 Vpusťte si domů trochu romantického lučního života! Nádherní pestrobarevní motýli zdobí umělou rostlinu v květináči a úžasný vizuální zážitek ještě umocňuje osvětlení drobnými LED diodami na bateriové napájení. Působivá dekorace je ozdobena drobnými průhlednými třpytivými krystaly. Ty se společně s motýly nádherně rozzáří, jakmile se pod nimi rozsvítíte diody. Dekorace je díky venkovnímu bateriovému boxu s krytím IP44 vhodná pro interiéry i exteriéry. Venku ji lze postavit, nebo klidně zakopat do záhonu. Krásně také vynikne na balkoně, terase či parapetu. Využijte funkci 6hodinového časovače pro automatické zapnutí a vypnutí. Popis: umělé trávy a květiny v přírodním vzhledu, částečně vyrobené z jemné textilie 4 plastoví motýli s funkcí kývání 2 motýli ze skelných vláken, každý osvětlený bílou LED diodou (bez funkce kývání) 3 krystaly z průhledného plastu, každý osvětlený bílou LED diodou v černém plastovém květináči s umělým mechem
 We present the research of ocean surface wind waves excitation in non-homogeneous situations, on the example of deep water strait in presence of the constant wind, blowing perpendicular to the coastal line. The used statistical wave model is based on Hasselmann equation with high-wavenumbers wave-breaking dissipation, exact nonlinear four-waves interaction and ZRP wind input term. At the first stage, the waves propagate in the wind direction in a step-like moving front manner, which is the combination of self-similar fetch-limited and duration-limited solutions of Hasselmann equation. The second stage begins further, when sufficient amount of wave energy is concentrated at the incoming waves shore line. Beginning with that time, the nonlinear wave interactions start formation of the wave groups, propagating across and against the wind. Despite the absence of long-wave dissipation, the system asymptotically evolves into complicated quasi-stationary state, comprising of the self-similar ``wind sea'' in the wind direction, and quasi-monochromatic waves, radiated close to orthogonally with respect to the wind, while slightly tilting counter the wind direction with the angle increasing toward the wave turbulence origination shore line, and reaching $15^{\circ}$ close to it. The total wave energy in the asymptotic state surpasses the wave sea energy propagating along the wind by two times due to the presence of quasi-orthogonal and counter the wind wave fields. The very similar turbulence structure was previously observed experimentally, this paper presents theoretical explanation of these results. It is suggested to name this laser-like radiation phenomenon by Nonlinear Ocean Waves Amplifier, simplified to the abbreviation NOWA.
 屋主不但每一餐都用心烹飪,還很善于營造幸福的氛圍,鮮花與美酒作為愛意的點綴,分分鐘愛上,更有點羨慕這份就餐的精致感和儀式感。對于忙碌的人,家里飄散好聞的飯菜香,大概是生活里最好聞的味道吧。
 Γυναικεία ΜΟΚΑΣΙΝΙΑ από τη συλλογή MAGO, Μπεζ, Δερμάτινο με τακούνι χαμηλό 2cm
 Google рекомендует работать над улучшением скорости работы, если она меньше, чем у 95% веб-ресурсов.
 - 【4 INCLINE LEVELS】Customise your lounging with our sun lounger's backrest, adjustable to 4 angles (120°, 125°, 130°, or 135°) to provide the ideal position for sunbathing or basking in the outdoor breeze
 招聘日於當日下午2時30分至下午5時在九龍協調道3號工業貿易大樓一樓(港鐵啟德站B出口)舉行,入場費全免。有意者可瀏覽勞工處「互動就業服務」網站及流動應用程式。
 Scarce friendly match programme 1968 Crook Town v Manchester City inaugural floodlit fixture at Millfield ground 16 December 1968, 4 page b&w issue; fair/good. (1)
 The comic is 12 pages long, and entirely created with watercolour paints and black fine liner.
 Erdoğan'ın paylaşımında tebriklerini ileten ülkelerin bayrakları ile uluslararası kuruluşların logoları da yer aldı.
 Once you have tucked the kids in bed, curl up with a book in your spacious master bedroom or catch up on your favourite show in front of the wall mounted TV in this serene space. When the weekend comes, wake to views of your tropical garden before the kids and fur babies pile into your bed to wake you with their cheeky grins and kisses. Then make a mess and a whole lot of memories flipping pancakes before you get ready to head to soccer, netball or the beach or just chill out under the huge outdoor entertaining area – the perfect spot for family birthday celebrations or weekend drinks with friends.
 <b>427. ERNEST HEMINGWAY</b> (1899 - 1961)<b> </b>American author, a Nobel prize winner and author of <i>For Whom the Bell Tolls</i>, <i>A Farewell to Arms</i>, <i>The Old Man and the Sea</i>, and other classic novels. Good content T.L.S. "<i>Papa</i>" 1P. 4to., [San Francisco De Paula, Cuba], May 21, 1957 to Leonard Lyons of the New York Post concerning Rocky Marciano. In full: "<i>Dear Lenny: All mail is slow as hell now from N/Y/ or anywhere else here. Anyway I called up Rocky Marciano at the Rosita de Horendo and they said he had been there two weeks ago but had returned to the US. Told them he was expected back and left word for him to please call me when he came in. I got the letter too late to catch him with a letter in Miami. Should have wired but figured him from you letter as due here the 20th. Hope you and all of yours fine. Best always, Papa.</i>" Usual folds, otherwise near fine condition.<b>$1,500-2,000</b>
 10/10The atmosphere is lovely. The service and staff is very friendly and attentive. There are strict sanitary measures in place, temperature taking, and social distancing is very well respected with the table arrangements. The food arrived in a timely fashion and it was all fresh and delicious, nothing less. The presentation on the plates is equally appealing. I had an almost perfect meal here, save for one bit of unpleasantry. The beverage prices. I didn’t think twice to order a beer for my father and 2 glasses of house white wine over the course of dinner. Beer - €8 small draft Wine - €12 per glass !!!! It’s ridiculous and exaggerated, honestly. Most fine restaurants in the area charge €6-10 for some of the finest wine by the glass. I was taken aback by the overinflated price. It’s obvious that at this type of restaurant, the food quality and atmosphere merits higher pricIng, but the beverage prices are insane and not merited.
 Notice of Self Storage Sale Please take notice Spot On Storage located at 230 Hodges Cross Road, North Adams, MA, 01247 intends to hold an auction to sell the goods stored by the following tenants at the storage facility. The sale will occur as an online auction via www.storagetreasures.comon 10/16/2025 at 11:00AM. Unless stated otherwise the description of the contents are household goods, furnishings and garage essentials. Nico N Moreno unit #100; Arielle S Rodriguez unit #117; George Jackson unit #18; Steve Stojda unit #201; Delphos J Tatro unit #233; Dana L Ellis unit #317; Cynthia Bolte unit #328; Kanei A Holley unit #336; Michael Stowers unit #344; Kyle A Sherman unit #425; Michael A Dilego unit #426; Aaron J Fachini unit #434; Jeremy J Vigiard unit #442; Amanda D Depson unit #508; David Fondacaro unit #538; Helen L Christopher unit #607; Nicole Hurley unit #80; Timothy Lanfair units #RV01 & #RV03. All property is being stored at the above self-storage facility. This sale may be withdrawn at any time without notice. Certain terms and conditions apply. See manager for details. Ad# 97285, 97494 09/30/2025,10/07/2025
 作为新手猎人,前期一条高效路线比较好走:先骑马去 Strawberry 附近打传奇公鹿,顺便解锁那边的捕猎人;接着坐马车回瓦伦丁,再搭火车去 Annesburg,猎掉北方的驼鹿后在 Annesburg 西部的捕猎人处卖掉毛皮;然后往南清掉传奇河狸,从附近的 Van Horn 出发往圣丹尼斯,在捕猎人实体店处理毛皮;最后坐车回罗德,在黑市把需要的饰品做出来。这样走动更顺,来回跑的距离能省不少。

____________

Set down all of the records shown above once more, exactly.

 Vpusťte si domů trochu romantického lučního života! Nádherní pestrobarevní motýli zdobí umělou rostlinu v květináči a úžasný vizuální zážitek ještě umocňuje osvětlení drobnými LED diodami na bateriové napájení. Působivá dekorace je ozdobena drobnými průhlednými třpytivými krystaly. Ty se společně s motýly nádherně rozzáří, jakmile se pod nimi rozsvítíte diody. Dekorace je díky venkovnímu bateriovému boxu s krytím IP44 vhodná pro interiéry i exteriéry. Venku ji lze postavit, nebo klidně zakopat do záhonu. Krásně také vynikne na balkoně, terase či parapetu. Využijte funkci 6hodinového časovače pro automatické zapnutí a vypnutí. Popis: umělé trávy a květiny v přírodním vzhledu, částečně vyrobené z jemné textilie 4 plastoví motýli s funkcí kývání 2 motýli ze skelných vláken, každý osvětlený bílou LED diodou (bez funkce kývání) 3 krystaly z průhledného plastu, každý osvětlený bílou LED diodou v černém plastovém květináči s umělým mechem
 We present the research of ocean surface wind waves excitation in non-homogeneous situations, on the example of deep water strait in presence of the constant wind, blowing perpendicular to the coastal line. The used statistical wave model is based on Hasselmann equation with high-wavenumbers wave-breaking dissipation, exact nonlinear four-waves interaction and ZRP wind input term. At the first stage, the waves propagate in the wind direction in a step-like moving front manner, which is the combination of self-similar fetch-limited and duration-limited solutions of Hasselmann equation. The second stage begins further, when sufficient amount of wave energy is concentrated at the incoming waves shore line. Beginning with that time, the nonlinear wave interactions start formation of the wave groups, propagating across and against the wind. Despite the absence of long-wave dissipation, the system asymptotically evolves into complicated quasi-stationary state, comprising of the self-similar ``wind sea'' in the wind direction, and quasi-monochromatic waves, radiated close to orthogonally with respect to the wind, while slightly tilting counter the wind direction with the angle increasing toward the wave turbulence origination shore line, and reaching $15^{\circ}$ close to it. The total wave energy in the asymptotic state surpasses the wave sea energy propagating along the wind by two times due to the presence of quasi-orthogonal and counter the wind wave fields. The very similar turbulence structure was previously observed experimentally, this paper presents theoretical explanation of these results. It is suggested to name this laser-like radiation phenomenon by Nonlinear Ocean Waves Amplifier, simplified to the abbreviation NOWA.
 屋主不但每一餐都用心烹飪,還很善于營造幸福的氛圍,鮮花與美酒作為愛意的點綴,分分鐘愛上,更有點羨慕這份就餐的精致感和儀式感。對于忙碌的人,家里飄散好聞的飯菜香,大概是生活里最好聞的味道吧。
 Γυναικεία ΜΟΚΑΣΙΝΙΑ από τη συλλογή MAGO, Μπεζ, Δερμάτινο με τακούνι χαμηλό 2cm
 Google рекомендует работать над улучшением скорости работы, если она меньше, чем у 95% веб-ресурсов.
 - 【4 INCLINE LEVELS】Customise your lounging with our sun lounger's backrest, adjustable to 4 angles (120°, 125°, 130°, or 135°) to provide the ideal position for sunbathing or basking in the outdoor breeze
 招聘日於當日下午2時30分至下午5時在九龍協調道3號工業貿易大樓一樓(港鐵啟德站B出口)舉行,入場費全免。有意者可瀏覽勞工處「互動就業服務」網站及流動應用程式。
 Scarce friendly match programme 1968 Crook Town v Manchester City inaugural floodlit fixture at Millfield ground 16 December 1968, 4 page b&w issue; fair/good. (1)
 The comic is 12 pages long, and entirely created with watercolour paints and black fine liner.
 Erdoğan'ın paylaşımında tebriklerini ileten ülkelerin bayrakları ile uluslararası kuruluşların logoları da yer aldı.
 Once you have tucked the kids in bed, curl up with a book in your spacious master bedroom or catch up on your favourite show in front of the wall mounted TV in this serene space. When the weekend comes, wake to views of your tropical garden before the kids and fur babies pile into your bed to wake you with their cheeky grins and kisses. Then make a mess and a whole lot of memories flipping pancakes before you get ready to head to soccer, netball or the beach or just chill out under the huge outdoor entertaining area – the perfect spot for family birthday celebrations or weekend drinks with friends.
 <b>427. ERNEST HEMINGWAY</b> (1899 - 1961)<b> </b>American author, a Nobel prize winner and author of <i>For Whom the Bell Tolls</i>, <i>A Farewell to Arms</i>, <i>The Old Man and the Sea</i>, and other classic novels. Good content T.L.S. "<i>Papa</i>" 1P. 4to., [San Francisco De Paula, Cuba], May 21, 1957 to Leonard Lyons of the New York Post concerning Rocky Marciano. In full: "<i>Dear Lenny: All mail is slow as hell now from N/Y/ or anywhere else here. Anyway I called up Rocky Marciano at the Rosita de Horendo and they said he had been there two weeks ago but had returned to the US. Told them he was expected back and left word for him to please call me when he came in. I got the letter too late to catch him with a letter in Miami. Should have wired but figured him from you letter as due here the 20th. Hope you and all of yours fine. Best always, Papa.</i>" Usual folds, otherwise near fine condition.<b>$1,500-2,000</b>
 10/10The atmosphere is lovely. The service and staff is very friendly and attentive. There are strict sanitary measures in place, temperature taking, and social distancing is very well respected with the table arrangements. The food arrived in a timely fashion and it was all fresh and delicious, nothing less. The presentation on the plates is equally appealing. I had an almost perfect meal here, save for one bit of unpleasantry. The beverage prices. I didn’t think twice to order a beer for my father and 2 glasses of house white wine over the course of dinner. Beer - €8 small draft Wine - €12 per glass !!!! It’s ridiculous and exaggerated, honestly. Most fine restaurants in the area charge €6-10 for some of the finest wine by the glass. I was taken aback by the overinflated price. It’s obvious that at this type of restaurant, the food quality and atmosphere merits higher pricIng, but the beverage prices are insane and not merited.
 Notice of Self Storage Sale Please take notice Spot On Storage located at 230 Hodges Cross Road, North Adams, MA, 01247 intends to hold an auction to sell the goods stored by the following tenants at the storage facility. The sale will occur as an online auction via www.storagetreasures.comon 10/16/2025 at 11:00AM. Unless stated otherwise the description of the contents are household goods, furnishings and garage essentials. Nico N Moreno unit #100; Arielle S Rodriguez unit #117; George Jackson unit #18; Steve Stojda unit #201; Delphos J Tatro unit #233; Dana L Ellis unit #317; Cynthia Bolte unit #328; Kanei A Holley unit #336; Michael Stowers unit #344; Kyle A Sherman unit #425; Michael A Dilego unit #426; Aaron J Fachini unit #434; Jeremy J Vigiard unit #442; Amanda D Depson unit #508; David Fondacaro unit #538; Helen L Christopher unit #607; Nicole Hurley unit #80; Timothy Lanfair units #RV01 & #RV03. All property is being stored at the above self-storage facility. This sale may be withdrawn at any time without notice. Certain terms and conditions apply. See manager for details. Ad# 97285, 97494 09/30/2025,10/07/2025
 作为新手猎人,前期一条高效路线比较好走:先骑马去 Strawberry 附近打传奇公鹿,顺便解锁那边的捕猎人;接着坐马车回瓦伦丁,再搭火车去 Annesburg,猎掉北方的驼鹿后在 Annesburg 西部的捕猎人处卖掉毛皮;然后往南清掉传奇河狸,从附近的 Van Horn 出发往圣丹尼斯,在捕猎人实体店处理毛皮;最后坐车回罗德,在黑市把需要的饰品做出来。这样走动更顺,来回跑的距离能省不少。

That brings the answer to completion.